Checkpoint: Volume 4, Midpoint (After Chapter 35)

Take this checkpoint after completing Chapters 31–35 (introduction to policy gradients, REINFORCE, actor-critic methods). All 5 should feel manageable — if any are unclear, re-read the relevant chapter before continuing.

Q1. Write the policy gradient theorem — the expression for ∇J(θ).

Answer

∇J(θ) = E_{π_θ} [ ∇_θ log π_θ(a|s) · Q^π(s,a) ]

In words: the gradient of the expected return with respect to the policy parameters θ is the expected value of the score function (∇_θ log π_θ(a|s)) weighted by the action-value Q^π(s,a).

The score function tells us which direction to push the parameters to make action a more probable in state s; Q^π(s,a) weights that push by how good the action was.

For REINFORCE (Monte Carlo), Q^π(s,a) is replaced by the sampled return G_t.

Q2. Why does REINFORCE have high variance?

Answer

REINFORCE uses the full Monte Carlo return G_t as the estimate of Q^π(S_t, A_t). This return is a sum of many random rewards over the rest of the episode, and the randomness compounds across all future steps:

Each reward is stochastic (environment noise).
The sequence of actions taken is stochastic (policy randomness).
G_t = R_{t+1} + γR_{t+2} + γ²R_{t+3} + … accumulates all that noise.

Because we use a single sampled trajectory rather than an average, the gradient estimate fluctuates wildly from episode to episode. High variance → slow convergence, requiring many samples and small learning rates.

Q3. What does a baseline b(s) do in a policy gradient update?

Answer

A baseline b(s) is subtracted from the return in the policy gradient update:

∇J(θ) ≈ ∇_θ log π_θ(a|s) · (G_t − b(s))

It reduces variance without introducing bias (as long as b(s) depends only on s, not a).

Intuition: instead of reinforcing an action by its absolute return, we reinforce it relative to a baseline “how good is this state on average?” Actions that do better than b(s) are reinforced; actions that do worse are suppressed. Centering around zero reduces the magnitude of the gradient signal and its variance.
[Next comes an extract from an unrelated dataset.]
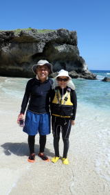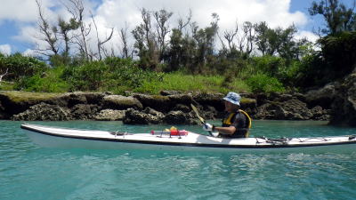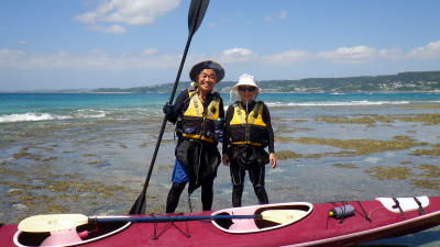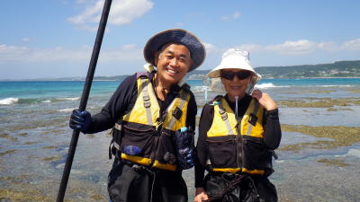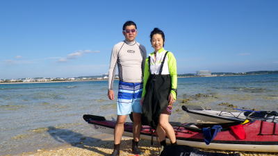 | 9月11日(金)コマカ島ツアー 沖縄に永住して十数年のご夫妻です。 この日の気象台の発表では 晴れ、北の風、波の高さ2,5メートルで波浪注意報発表 でも南城市海岸はインリーフ内で冬場や北の風の際は凪になり シーカヤックやSUPも問題なく楽しめる隠れた海岸線です。 |

The most common baseline is V^π(s), leading to the advantage A(s,a) = Q(s,a) − V(s).

Q4. In actor-critic, what does the critic estimate?

Answer

The critic estimates the value function — typically V^π(s), the state-value function under the current policy π.

The critic’s estimate is used to:

Compute the TD error δ = r + γ V(s’) − V(s), which serves as a low-variance estimate of the advantage.
Provide a baseline b(s) = V(s) for the actor’s policy gradient update.

The actor uses the critic’s signal to update the policy parameters; the critic itself is trained using standard value-based methods (e.g. TD(0)). This creates a two-network architecture: one for the policy (actor), one for the value estimate (critic).

Q5. Write the formula for the advantage function A(s, a).

Answer

A(s, a) = Q(s, a) − V(s)

The advantage measures how much better action a is compared to the average action in state s under the current policy:

A(s,a) > 0: action a is better than average → increase its probability.
A(s,a) < 0: action a is worse than average → decrease its probability.
A(s,a) = 0: action a is exactly average.

In practice, A(s,a) ≈ δ_t = R_{t+1} + γ V(S_{t+1}) − V(S_t) (the one-step TD error), which is a biased but low-variance estimate of the true advantage.

All 5 correct? Continue to Chapter 36 (PPO and advanced policy optimization). Stuck on 2 or more? Re-read Chapters 32–34.